Спустя три года Пушкин появляется в облике добродушного рассказчика, смиренного Белкина (1830 г.), кроткого помещика, берущего со своих крепостных большую часть оброка орехами и брусникой. Белкин, прототип лермонтовского Максима Максимыча, — тип доброго, неглупого обывателя, с бесхитростной,незлобивой душой. Но вместе с тем Белкин наивен и малообразован. Его-то глазами и хотел взглянуть Пушкин на жизнь. Не мудрствуя лукаво, Белкин записывает то, что слышал «от разных особ». «Рассказам покойного Ивана Петровича Белкина» предпослано вместо предисловия письмо к «издателю» соседа покойного, отчасти такого же Белкина. «И моя деревня где-то упомянута (в рассказах), — пишет сосед, — сие произошло не от злого какого-либо намерения, но единственно от недостатка воображения», и в заключение просит издателя: «в случае, если заблагорассудите сделать из сего моего письма какое-либо употребление, всепокорнейше прошу никак имени моего не упоминать, ибо хотя я весьма уважаю и люблю сочинителей, но в сие звание вступить полагаю излишним и в мои лета неприличным». Приведя это письмо, «издатель» выразил надежду, что публика оценит его «искренность и добродушие».
Это можно сказать и обо всех рассказах Белкина, смиренное лицо которого проглядывает сквозь незатейливую ткань повествования. (Впрочем, нужно заметить, что тон не всюду одинаково выдержан по отношению к Белкину). Ценность содержания всех пяти рассказов чрезвычайно неравномерна.Рядом со слабыми и маловероятными анекдотами «Барышня-крестьянка» и «Метель» мы встречаем потрясающий рассказ — «Станционный смотритель»; так же велика разница между «Выстрелом» и «Гробовщиком». Но неизменно все рассказы проникнуты тонким, добрым юмором и богаты превосходными частностями, изумительными картинами быта. Жизнь дуреющих от скуки офицеров в глухом местечке, где нет «ни одного открытого дома, ни одной невесты»; бал у сапожника Готлиба Шульца, на который дочери гробовщика отправляются в самом парадном виде — желтых шляпках и красных башмаках, и для которого городовой Юрко покидает свою будку с белыми колонками дорического ордера; убогая комната забитого станционного смотрителя с похождениями блудного сына на стене; англомания чудака помещика, у которого никак «на чужой манер хлеб русский не родится», и который закладывает имение для поддержки английского сада; безмятежная, чистая жизнь «уездной барышни»; напускное «разочарование» жизнерадостного юноши, носящего на пальце черное кольцо с мертвой головою, — таких бытовых черт и картин в рассказах немало.

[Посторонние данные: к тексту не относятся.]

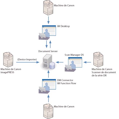Les documents importés avec iW Scan Manager DS peuvent être libérés vers Document Server, logiciel central de la série iW utilisables dans de nombreux contextes.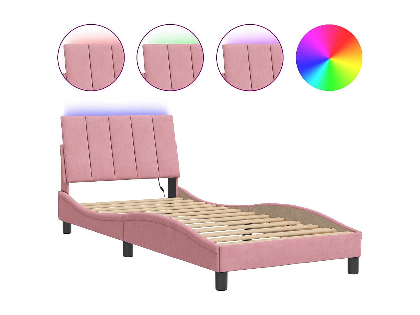 Estructura de cama con luces LED rosa 90x200 cm terciopelo

На них лежит печать той простоты, которая дается только великому искусству, и всегдашнего, неизменного бодрого и светлого пушкинского мироотношения.
Кроткая, тихая душа Белкина была избрана поэтом как лучшее вместилище этой доброты, простоты и правдивости.
Мнения критики о повестях чрезвычайно разноречивы. Белинский отнесся к ним очень несправедливо. Впервые он писал о них в 1835 г.7, находясь в поре «абстрактного героизма», под влиянием которого не мог оценить их художественную простоту. Он увидел в них слабо мерцающий закат пушкинского гения, его «бесплодную, грязную и туманную» осень. «Правда, — писал критик, — эти повести занимательны, их нельзя читать без удовольствия; это происходит от прелестного слога, от искусства рассказывать; но они — не художественные создания, а просто сказки и побасенки; их с удовольствием и даже с наслаждением прочтет семья, собравшаяся в скучный и длинный зимний вечер у камина; но от них не закипит кровь пылкого юноши, не засверкают очи его огнем восторга, они не будут тревожить его сна: нет, после них можно задать лихую высыпку. Будь эти повести первое произведение какого-нибудь юноши, этот юноша обратил бы на себя внимание нашей публики; но как произведение Пушкина — осень, холодная, дождливая осень, после прекрасной, роскошной, благоуханной весны, словом, прозаические бредни, фламандской школы пестрый вздор! Странное дело — очарование имен! Прочтите вы эту книгу, не зная, кем она написана, — и вы будете в полном удовольствии; но взгляните на заглавие — и ваше живое удовольствие превратится в горькое неудовольствие…»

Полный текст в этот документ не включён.